EXERCISE INPUTS »
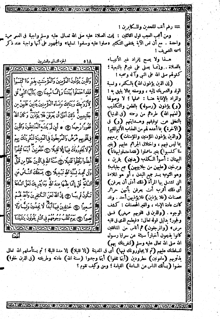 {يُدْنِينَ} يقربن، ويرخين {عَلَيْهِنَّ مِن جَلاَبِيبِهِنَّ} جمع جلباب؛ وهو الثوب يستر جميع البدن، أو هو الملاءة التي تشتمل بها المرأة {ذلِكَ أَدْنَى أَن يُعْرَفْنَ} أي ذلك أقرب أن يعرفن بأنهن حرائر محصنات {فَلاَ يُؤْذَيْنَ} فلا يؤذيهن أحد. وقد كانت عادة الإماء، والغير المحصنات: كشف الوجوه. {وَالَّذِينَ فِي قُلُوبِهِم مَّرَضٌ} فسق وفجور؛ بدليل قوله تعالى: {فَيَطْمَعَ الَّذِي فِي قَلْبِهِ مَرَضٌ}
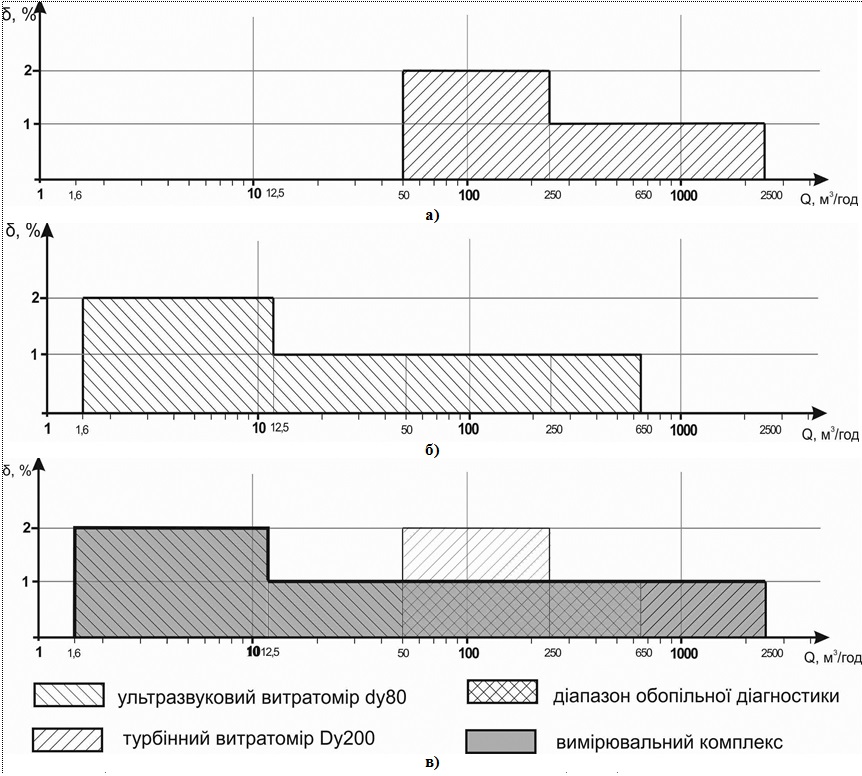За технічними характеристиками, що окреслюють точність вимірювання турбінних та ультразвукових лічильників газу, побудовані діаграми залежності похибки вимірювання від величини витрати (рис.2).
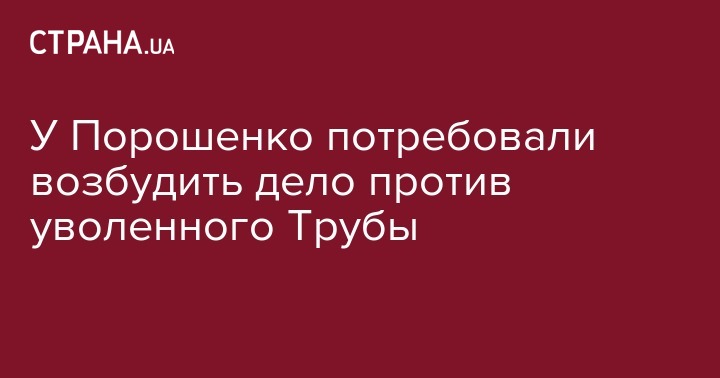 "Партия "Европейская Солидарность" приветствует увольнение дискредитированного главы ГБР Трубы и требует от Генеральной прокуратуры возбудить против него уголовное производство за совершенные Трубой преступления. Наказание за системное нарушение законов и Конституции должно заключаться не только в увольнении руководителя ГБР, но и в уголовной ответственности, которую должен понести он, а также другие фигуранты, присутствующие на "пленках Трубы",- говорится в сообщении.
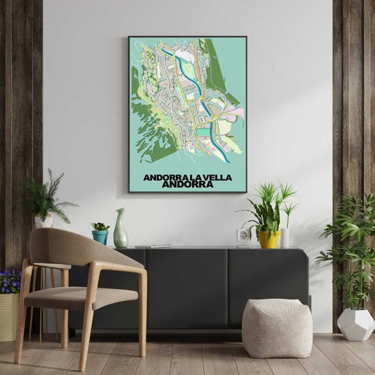 COLOURED ROAD MAP OF ANORRA LA VELLA, ANDORRA BY MAPBAKES
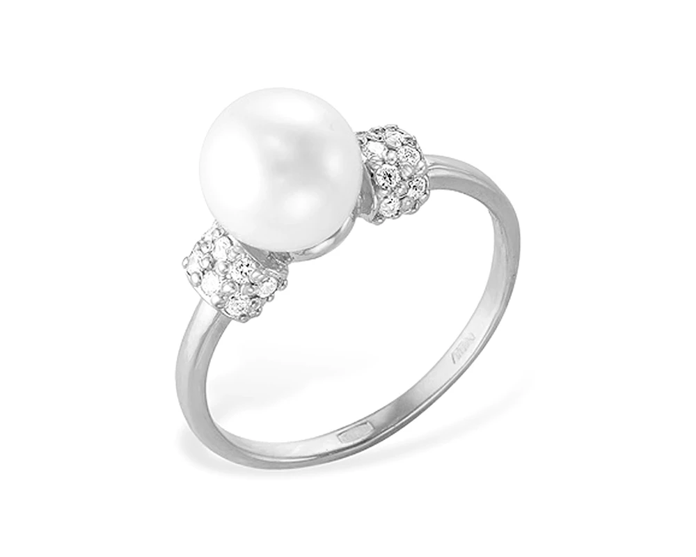 Кольцо из белого золота с белой речной жемчужиной 7-7,5 мм, (5955)
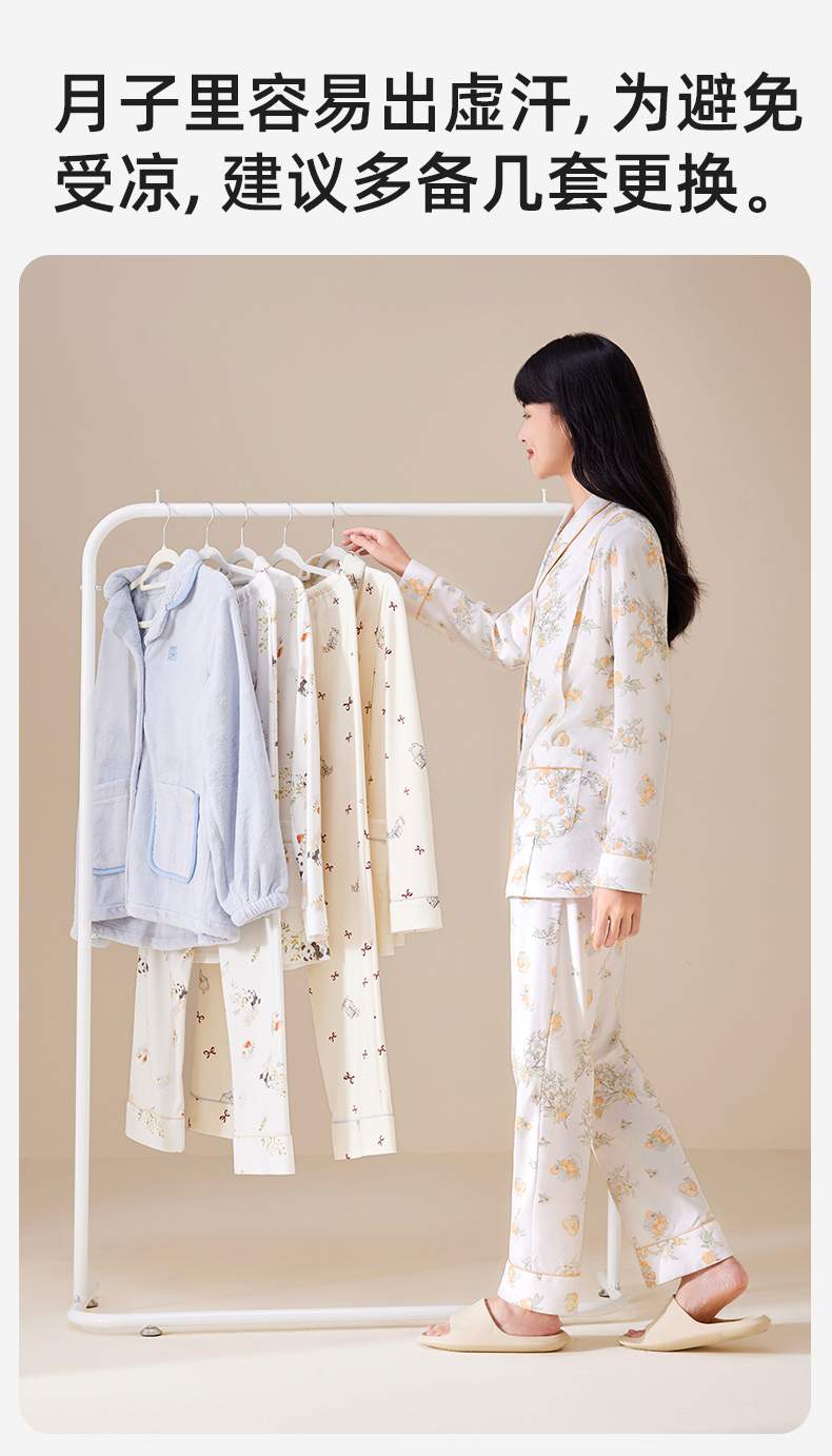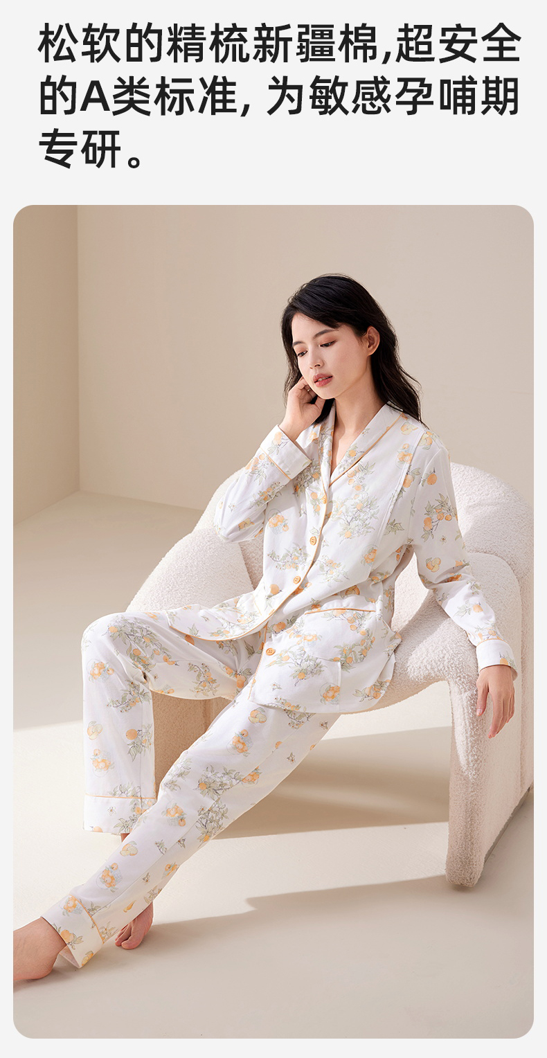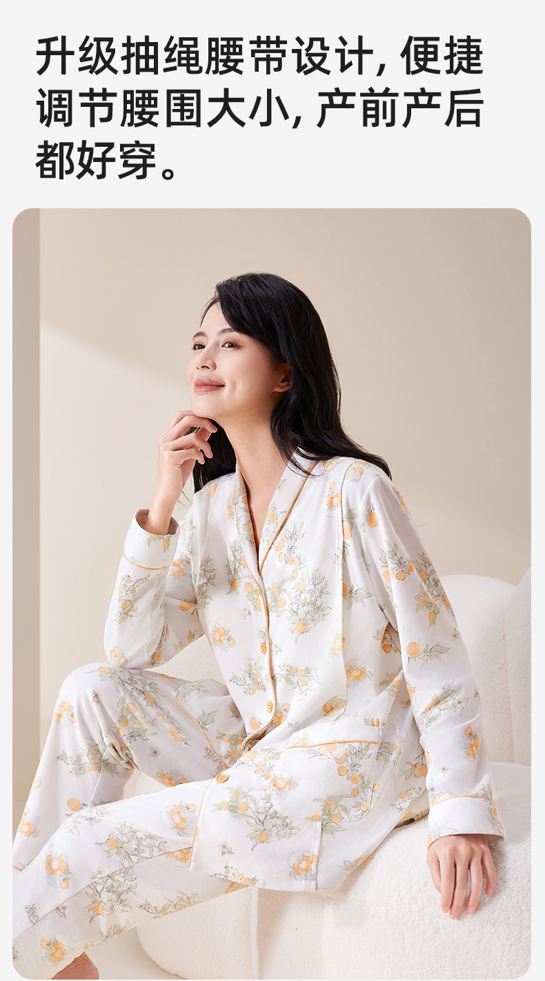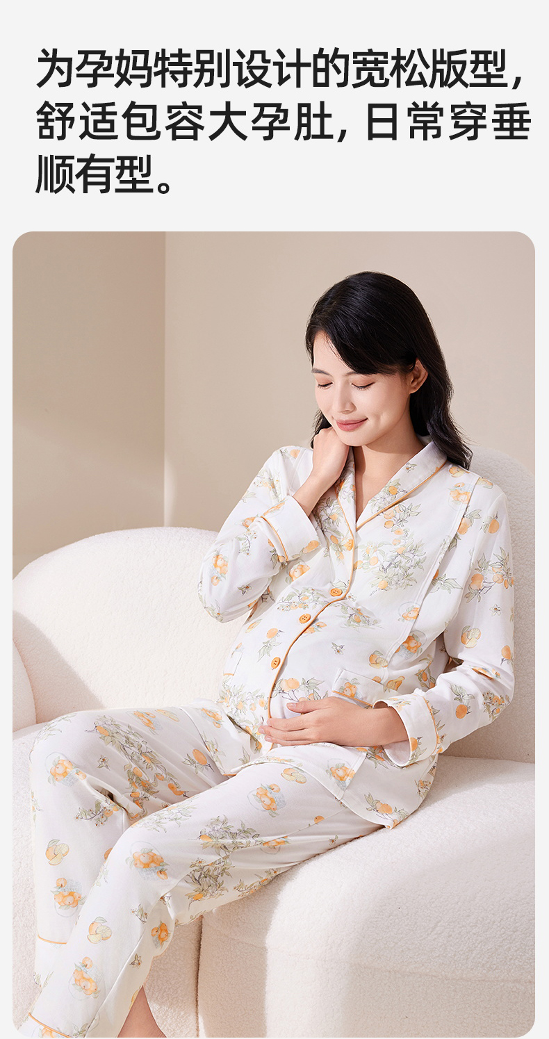【满99-20/199-50】孕妇长袖月子服带胸垫产后纯棉孕妇睡衣
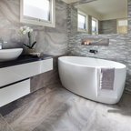 Inspiration for a contemporary l-shaped kitchen remodel in Brisbane with a double-bowl sink, flat-panel cabinets, dark wood cabinets, gray backsplash, mosaic tile backsplash, stainless steel appliances and an island — Houzz
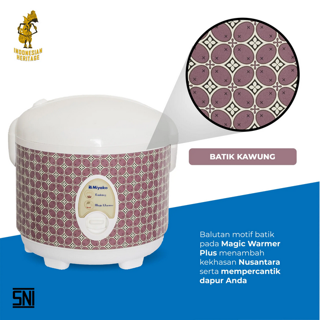 Is a rice cooker with a beautiful batik motif Typical of Indonesia. This type has a pattern of batik kawung that will beautify your kitchen. It has a function of 3 in 1 that is as a rice cooker, steaming, and warm food. The inner pot made of high quality material makes it anti-stick, not easily scratched and very easy to clean. It has 3 heating elements at the top, middle and bottom that make the rice ripen more perfectly and hold warmer for longer.

WHAT THE EXERCISE ASKS » When you repeat the material above, keep every word exact and leave out the pictures.

EXERCISE RESULT »
 {يُدْنِينَ} يقربن، ويرخين {عَلَيْهِنَّ مِن جَلاَبِيبِهِنَّ} جمع جلباب؛ وهو الثوب يستر جميع البدن، أو هو الملاءة التي تشتمل بها المرأة {ذلِكَ أَدْنَى أَن يُعْرَفْنَ} أي ذلك أقرب أن يعرفن بأنهن حرائر محصنات {فَلاَ يُؤْذَيْنَ} فلا يؤذيهن أحد. وقد كانت عادة الإماء، والغير المحصنات: كشف الوجوه. {وَالَّذِينَ فِي قُلُوبِهِم مَّرَضٌ} فسق وفجور؛ بدليل قوله تعالى: {فَيَطْمَعَ الَّذِي فِي قَلْبِهِ مَرَضٌ}
За технічними характеристиками, що окреслюють точність вимірювання турбінних та ультразвукових лічильників газу, побудовані діаграми залежності похибки вимірювання від величини витрати (рис.2).
 "Партия "Европейская Солидарность" приветствует увольнение дискредитированного главы ГБР Трубы и требует от Генеральной прокуратуры возбудить против него уголовное производство за совершенные Трубой преступления. Наказание за системное нарушение законов и Конституции должно заключаться не только в увольнении руководителя ГБР, но и в уголовной ответственности, которую должен понести он, а также другие фигуранты, присутствующие на "пленках Трубы",- говорится в сообщении.
 COLOURED ROAD MAP OF ANORRA LA VELLA, ANDORRA BY MAPBAKES
 Кольцо из белого золота с белой речной жемчужиной 7-7,5 мм, (5955)
【满99-20/199-50】孕妇长袖月子服带胸垫产后纯棉孕妇睡衣
 Inspiration for a contemporary l-shaped kitchen remodel in Brisbane with a double-bowl sink, flat-panel cabinets, dark wood cabinets, gray backsplash, mosaic tile backsplash, stainless steel appliances and an island — Houzz
 Is a rice cooker with a beautiful batik motif Typical of Indonesia. This type has a pattern of batik kawung that will beautify your kitchen. It has a function of 3 in 1 that is as a rice cooker, steaming, and warm food. The inner pot made of high quality material makes it anti-stick, not easily scratched and very easy to clean. It has 3 heating elements at the top, middle and bottom that make the rice ripen more perfectly and hold warmer for longer.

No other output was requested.